The LDV Vision Summit took place in New York a couple of weeks ago, focusing on the high-potential area of computer vision. It covered everything from 3D imaging and VR to deep learning and Facebook Live (I even gave a presentation on augmented reality ads), and I came away convinced that this is an area that all of us — creatives, engineers, marketers, and investors — should be keeping an eye on. Here are 5 reasons why:
Just like there’s an Internet of Things, we’re going to have an Internet of Eyes
Connected cameras and visual sensors are increasingly everywhere, and in everything, as LDV Summit founder Evan Nisselson laid out in his introductory remarks at the LDV Vision Summit a couple of weeks ago. The combination of ubiquitous visual recording and connectivity to real-time big data is already resulting in smarter buildings that can adjust energy settings based on people’s movements. It will also lead to smarter homes, where, say, your mirror will be able to tell you if you’ve gained weight or how much alcohol you drank thanks to built-in 3D scanners and gas sensors, respectively.
And, of course, once this happens, contextual “in-mirror” ads will let you buy low-calorie food and aspirin right from your bathroom and get it delivered in minutes.
Computer vision won’t just see what we see
Those of us in this field know that image recognition – the process by which computers break down images into pixels and recognize patterns in order to “see” what’s in them – isn’t the only thing that goes into computer vision.
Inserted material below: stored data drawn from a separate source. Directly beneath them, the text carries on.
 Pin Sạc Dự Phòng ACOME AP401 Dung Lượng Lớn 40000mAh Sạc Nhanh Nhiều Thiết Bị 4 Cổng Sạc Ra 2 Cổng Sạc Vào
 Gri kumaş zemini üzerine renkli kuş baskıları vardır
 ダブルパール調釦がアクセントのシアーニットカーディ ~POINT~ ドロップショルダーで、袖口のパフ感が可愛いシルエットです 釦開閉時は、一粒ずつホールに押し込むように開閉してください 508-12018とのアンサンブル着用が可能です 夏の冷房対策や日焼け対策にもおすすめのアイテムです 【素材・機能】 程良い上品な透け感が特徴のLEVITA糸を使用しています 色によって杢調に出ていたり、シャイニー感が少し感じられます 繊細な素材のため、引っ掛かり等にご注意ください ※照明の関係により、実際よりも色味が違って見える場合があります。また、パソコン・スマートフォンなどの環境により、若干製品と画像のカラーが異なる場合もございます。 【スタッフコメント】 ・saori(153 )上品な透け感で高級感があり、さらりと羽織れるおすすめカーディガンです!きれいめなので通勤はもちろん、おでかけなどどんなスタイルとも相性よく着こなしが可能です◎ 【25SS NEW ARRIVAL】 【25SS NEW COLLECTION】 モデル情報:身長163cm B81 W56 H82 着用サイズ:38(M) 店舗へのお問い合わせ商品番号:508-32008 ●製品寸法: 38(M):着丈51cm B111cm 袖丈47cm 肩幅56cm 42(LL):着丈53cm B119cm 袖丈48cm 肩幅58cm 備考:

Computer vision relies on real-time access to big data, geo-location, sensors, ultrasound, and other types of vision, such as thermal imaging, which lets a computer “see” things that humans can’t see: gas and heat, for example.
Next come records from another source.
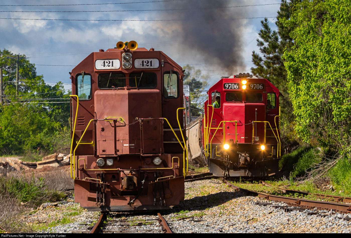| CEFX GP39-2 #421 is tied down on the short siding at Holly Springs as engineer Kenny brings a loaded grain train up the steep ruling grade on their way to Pilgrims Pride. |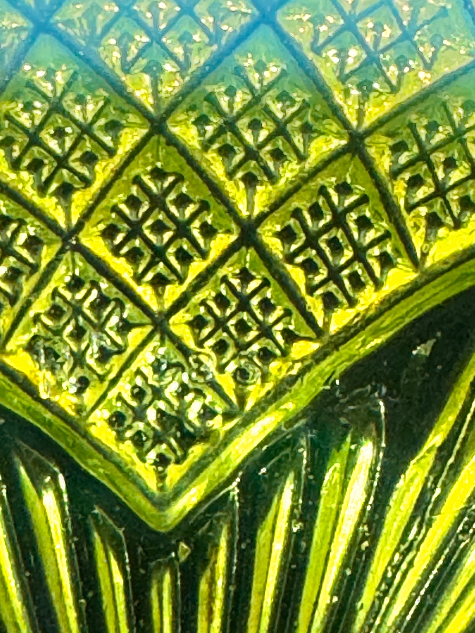The glass displays a lovely yellow Vaseline hue that glows brilliantly under UV light, complemented by a delicate white opalescent rim. The pattern, commonly referred to by collectors as “Queen’s Crown,” features an elegant diamond lattice pressed design with a softly scalloped edge, showcasing classic Victorian craftsmanship.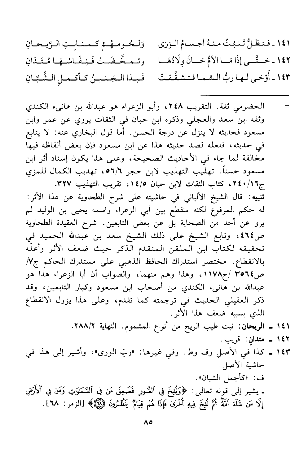 تنبيه: قال الشيخ الالباني في حاشيته على شرح الطحاوية عن هذا الاثر:

Computer vision’s promise goes way beyond processing vast amounts of images to quickly identify what humans can already see: It’s really about what humans can’t see. From augmented memory (getting a name and other relevant information about a person as soon as you lay eyes on them through next-gen Google Glass type devices) to “seeing” gas leaks, computer vision will enable superhuman perception from multiple channels in real time.
We’re not there yet. As Serge Belongie, Professor of Computer Vision at Cornell Tech, put it, “If you look at the state of the art in computer vision, we are not telling people something they don’t know about an image. We’re telling people there’s a banana and a bicycle in a picture.” Yes, that’s progress, but there’s so much more that computer vision can and will extract from a photo in the future.
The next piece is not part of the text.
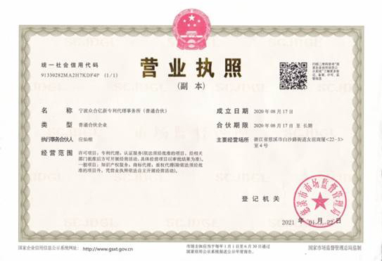 浙江億新知識產(chǎn)權(quán)服務(wù)有限公司前身為慈溪眾合知識產(chǎn)權(quán)代理事務(wù)所,創(chuàng)始于2004年,為了服務(wù)更多的創(chuàng)新企業(yè),實現(xiàn)“服務(wù)億萬創(chuàng)新企業(yè)”的理念,后更名為浙江億新知識產(chǎn)權(quán),旗下公司包括:寧波眾合億新專利代理事務(wù)所(機構(gòu)代碼33405)、中范(北京)認證有限公司。其中寧波眾合億新專利代理事務(wù)所是慈溪市科技服務(wù)聯(lián)盟理事單位,前灣區(qū)知識產(chǎn)權(quán)工作站。公司位于浙江省慈溪市文化商務(wù)區(qū)友誼商廈,并在北京、青島設(shè)有辦事處。

If we can’t get enough training data, we’ll stall
The advances and capabilities of image recognition that are now possible thanks to deep learning neural networks and cheaper and faster computing power have changed the game, but these brilliant algorithms are nothing unless they have access to reams and reams of picture data to train on. From medical images to faces to hugs, the vast majority of pictures that could be used for training data is proprietary and in the hands of two behemoths: Google and Facebook. Considering the amount of sharing and uploading that’s taking place on those companies’ consumer platforms, this trend shows no signs of slowing down. As Greylock Partners’ Josh Elman reminded us during an interview onstage, it is a potential roadblock for computer vision if two big companies hold all the training data.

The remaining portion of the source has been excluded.